= May Wong =

Singaporean community and social worker

May Bernice Wong (née Hing;1899 - 1989) was a Singaporean community and social worker. She was president of Singapore's Chinese Women’s Association from 1949 till her death in 1989.

==Biography==
Wong was born in 1899 in Sacramento, California, the eldest of 16 children.

Wong moved to Hong Kong and then China, followed by Singapore in 1930. She volunteered for the Young Women’s Christian Association, Po Leung Kuk (a home for girls and women) and children's charities. At Po Leung Kuk she helped to train the women in domestic work, sewing, embroidery and childcare. She also organised charity balls and fairs to raise funds for war orphans of China and Great Britain.

In 1941, Wong took a St John Ambulance nursing course and joined the nursing team at a medical centre in Havelock Road. When the sister-in-charge was transferred elsewhere, Wong took over the running of the centre. In February 1942, days before the Japanese invaded Singapore, May and her children left for Australia. She returned after the war, and resumed her charity work. In 1948 she organised the Keppel Harbour Feeding Centre to provide food for hungry children.

In 1978, when May was nearly 80 years old, the Chinese Women's Association (CWA) took over the management of the Henderson Senior Citizens’ Home, a sheltered housing project of the Council of Social Service. Together with CWA treasurer Violet Wong, who was also in her 70s, May supervised the running of the home for the next 11 years.

=== Recognition ===
In 1937 Wong was made a Member of the Order of the British Empire for her contributions to Singapore society.
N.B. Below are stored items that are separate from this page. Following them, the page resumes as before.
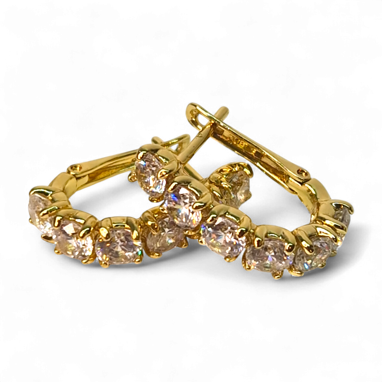 Cerceii placați cu aur Sydney sunt dovada că unele bijuterii nu au nevoie de artificii pentru a impresiona. Prin designul lor clasic, aurul cald și rândurile de cristale strălucitoare, acești cercei devin o piesă de nelipsit din colecția oricărei femei.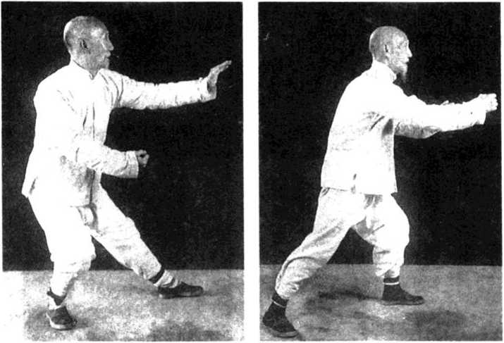 1-随腰胯右转时右脚尖向右开45。,重心向前移、落 在右脚,上左脚同时左掌迎面扑出。眼视左掌前方(图 127)。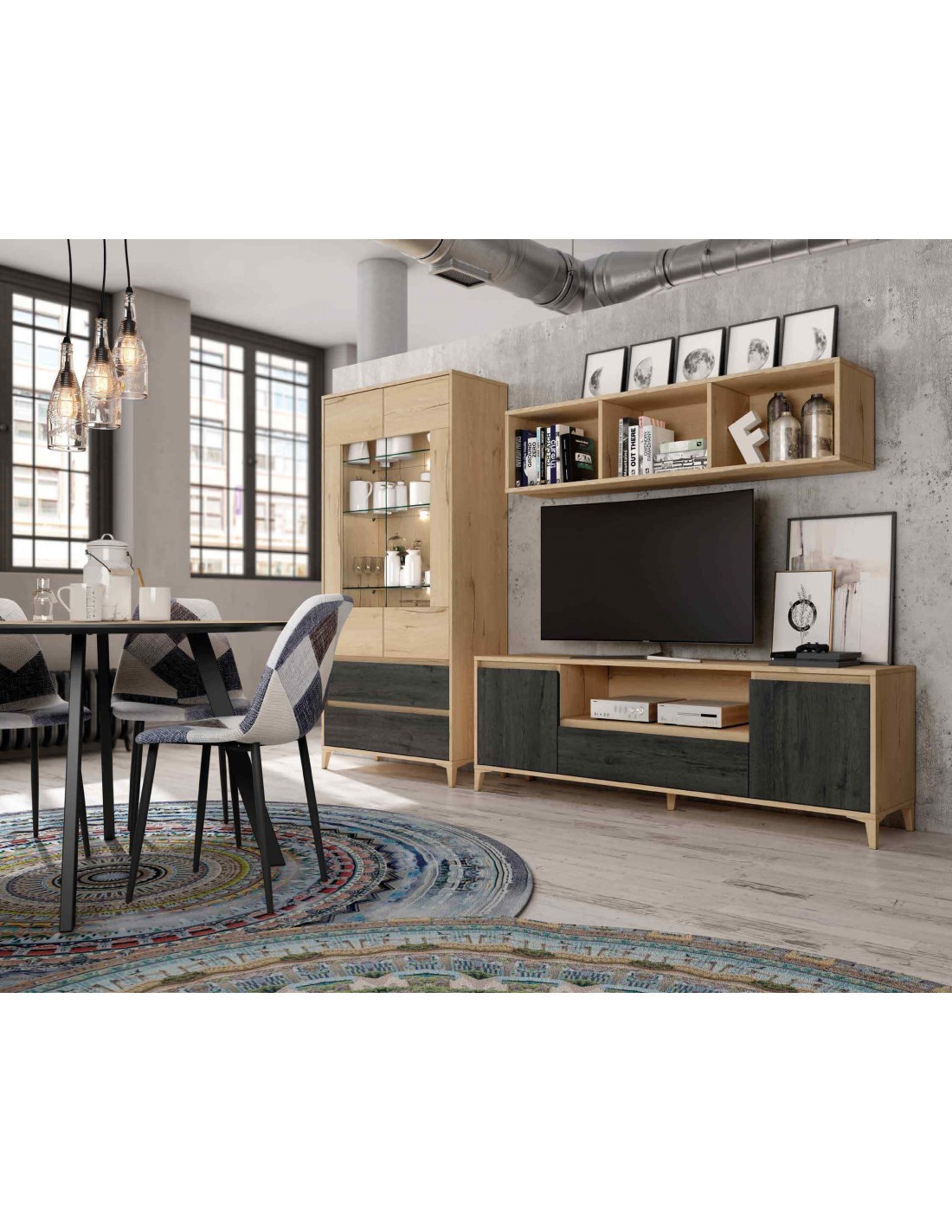 Mueble de salon diseño nordico colores madera modular con vitrinas muebles altos estantes (11)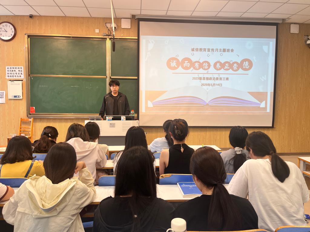 为践行社会主义核心价值观,弘扬诚信精神,5月14日上午,永利集团官网2023级思想政治教育三班在社科楼515召开“诚而有信,养正崇德”主题班会。永利集团官网2023级思想政治教育三班全体同学共同参与本次班会,班会由团支书郝瀚主持。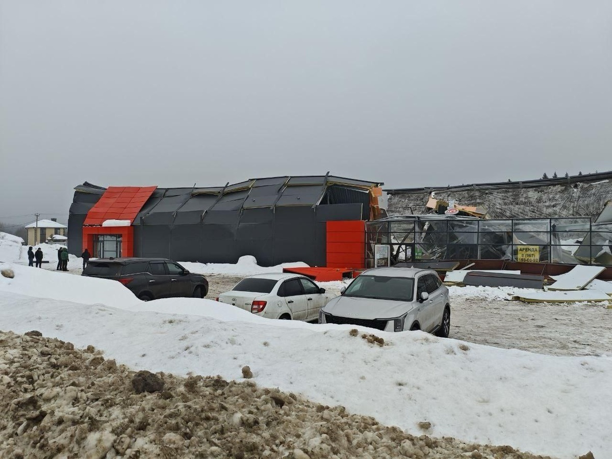 В Дмитровском районе, недалеко от лыжни ГАБО, не выдержав снега, сложилась новенькая Пятёрочка😱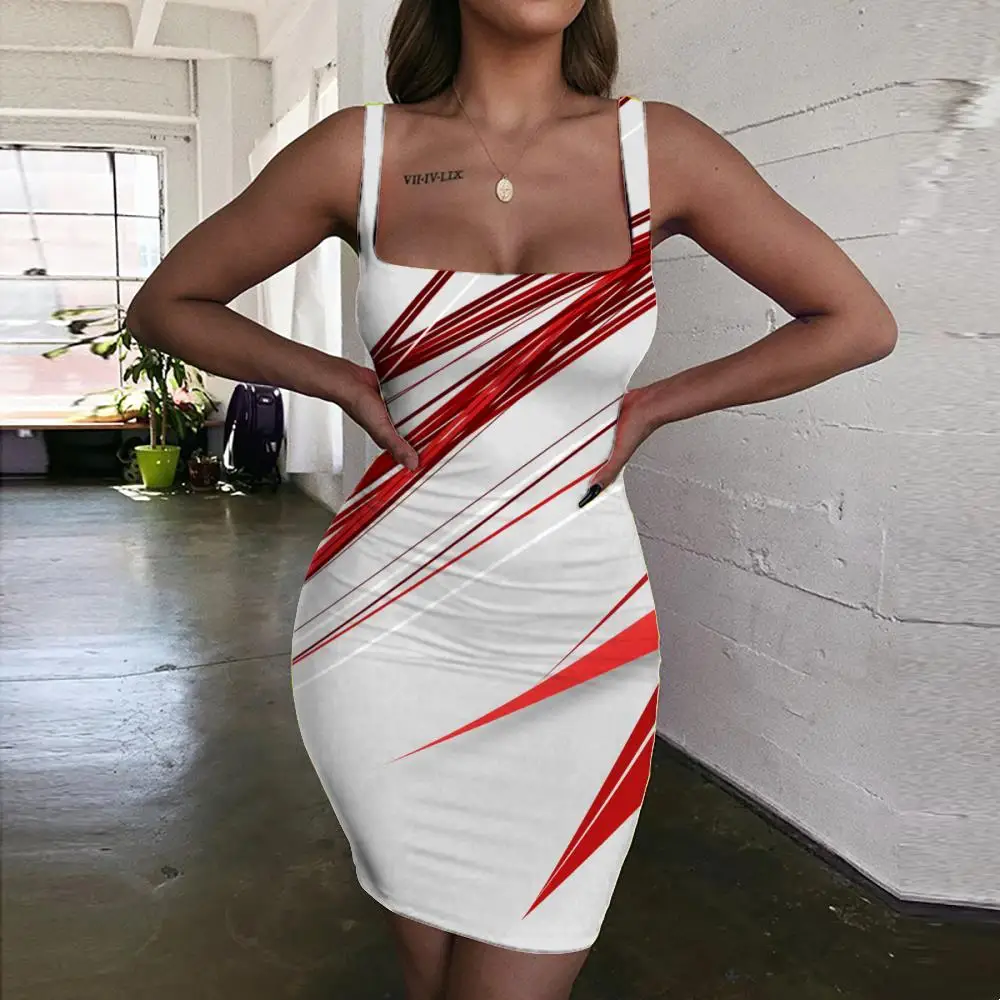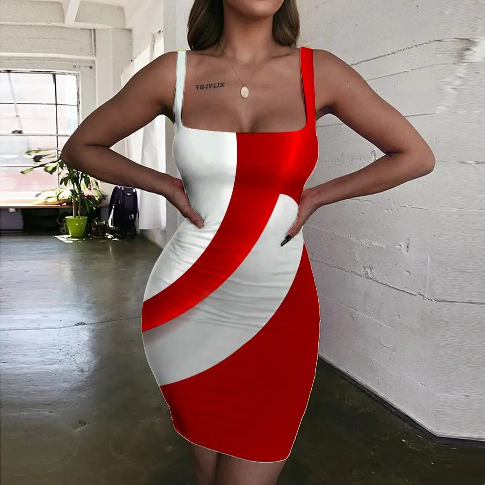 Сексуальное Красное женское платье-сарафан с абстрактным принтом, короткое вечернее платье-мини без рукавов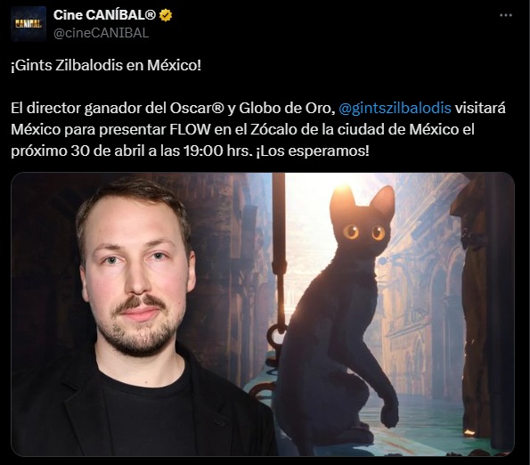 Zilbalodis estará en nuestro país para la presentación de Flow en el Zócalo de la ciudad de México el próximo 30 de abril a las 19:00 horas.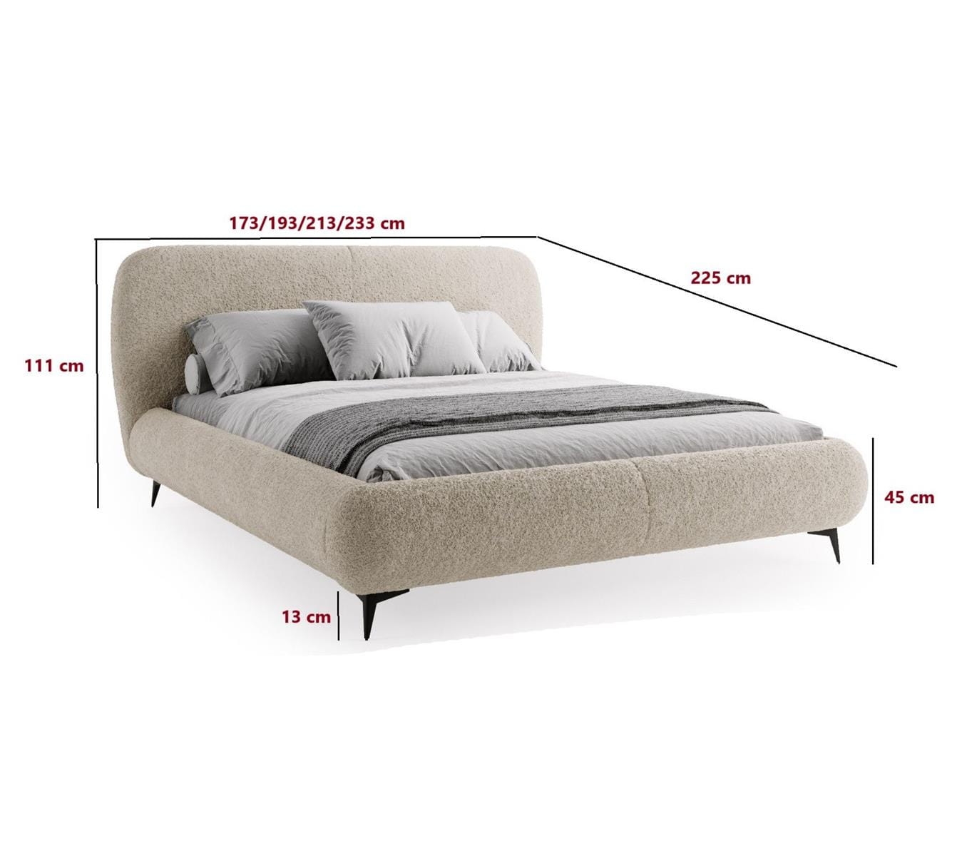 Oliwkowe łóżko w tkaninie boucle w stylu japandi MIA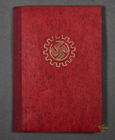 DAF Member Book-This is a Die Deutsche Arbeitsfront Mitgliedsbuch, or German labor front Member Book. It is dated 1943 and has multiple stamps and entries. Good condition!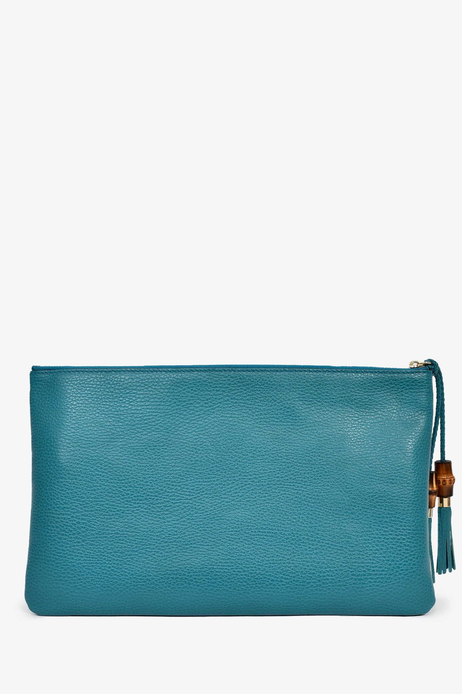 Gucci Turquoise Pebbled Leather Bamboo Tassel Clutch. Top zip closure. Lined interior with a slip compartment. Gold-tone hardware. Tonal stitching.

She was awarded the Jubilee Medal for Active War Service by King George VI for her nursing work at the first aid post at Havelock Road. In 1977 she received the Pingat Bakti Masyarakat Award.

In 2003, the May Wong Lifestyle Centre at the Henderson Senior Citizens' Home was opened in her memory.

== Personal life ==
In 1920 she married Wong Shui Kei, a Chinese-born Stanford University graduate who became a banker. They had four children.